Я только недавно начал использовать ключи SSH вместо паролей (конечно, благодаря GitHub), поэтому имейте в виду, что я довольно новичок во всей этой концепции. В настоящее время мои ключи просто лежат в ~ / .ssh, но я не уверен, что это хорошая практика. Например, если у меня есть несколько компьютеров, мне нужно будет дублировать свои закрытые ключи, что я считаю нежелательным. Или, если мой жесткий диск станет капутом, я потеряю эти ключи, что (я думаю) также нежелательно.

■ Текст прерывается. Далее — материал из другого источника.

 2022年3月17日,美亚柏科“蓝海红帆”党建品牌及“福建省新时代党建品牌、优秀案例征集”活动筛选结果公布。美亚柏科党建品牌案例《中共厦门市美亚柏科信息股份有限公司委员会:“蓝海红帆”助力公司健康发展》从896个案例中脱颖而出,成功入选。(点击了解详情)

Итак, каковы рекомендации по безопасному, удобному и надежному хранению ключей SSH?

Похоже, использование смарт-карты является опцией (см. Смарт-карты для хранения ключей gpg / ssh (Linux) - что мне нужно? ), Это лучший вариант ?

Обновление. Причиной этого вопроса было то, что многие службы (например, GitHub, AWS EC2) предоставляют инструкции о том, как настроить ключи SSH для использования службы, но практически не имеют фона (например, что делать, если у вас уже есть сгенерированный ключ). по ssh-keygen[1], то , что рекомендуемые меры безопасности). И неясно, является ли эта информация на самом деле неважной, или вы должны знать ее «по умолчанию».

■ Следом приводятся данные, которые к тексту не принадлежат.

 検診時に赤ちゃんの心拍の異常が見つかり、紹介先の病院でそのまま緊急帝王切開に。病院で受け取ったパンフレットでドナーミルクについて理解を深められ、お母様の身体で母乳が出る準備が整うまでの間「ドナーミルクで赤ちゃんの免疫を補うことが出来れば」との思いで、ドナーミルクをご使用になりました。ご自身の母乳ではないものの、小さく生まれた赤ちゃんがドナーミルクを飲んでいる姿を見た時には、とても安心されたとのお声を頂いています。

Подводя итоги ответов до этого момента (но, пожалуйста, прочитайте их, и если у вас есть что добавить - пожалуйста, сделайте): кажется, что в этом случае будет хорошо, если вы просто оставите свои закрытые ключи в ~ / .ssh, пока вы держать их от других людей; но убедитесь, что у вас есть другой способ получить доступ к сервису, чтобы загрузить или сгенерировать новый ключ, если вы его потеряете (как это обычно бывает).

[1] GitHub использовался для предоставления помощи по управлению несколькими ключами .

Антон Строгонов
источник
Эта ссылка, кажется, не работает help.github.com/multiple-ssh-keys
KJ Price
@KJ Price, благодаря Wayback Machine Интернет-архива , страница все еще доступна в Интернете, хотя и не по ее первоначальной ссылке. Копию страницы, заархивированную 2 сентября 2011 года, можно найти в разделе Несколько ключей SSH .
лунная точка

Ответы:

41

Например, если у меня несколько компьютеров, мне нужно будет дублировать закрытые ключи, что я считаю нежелательным.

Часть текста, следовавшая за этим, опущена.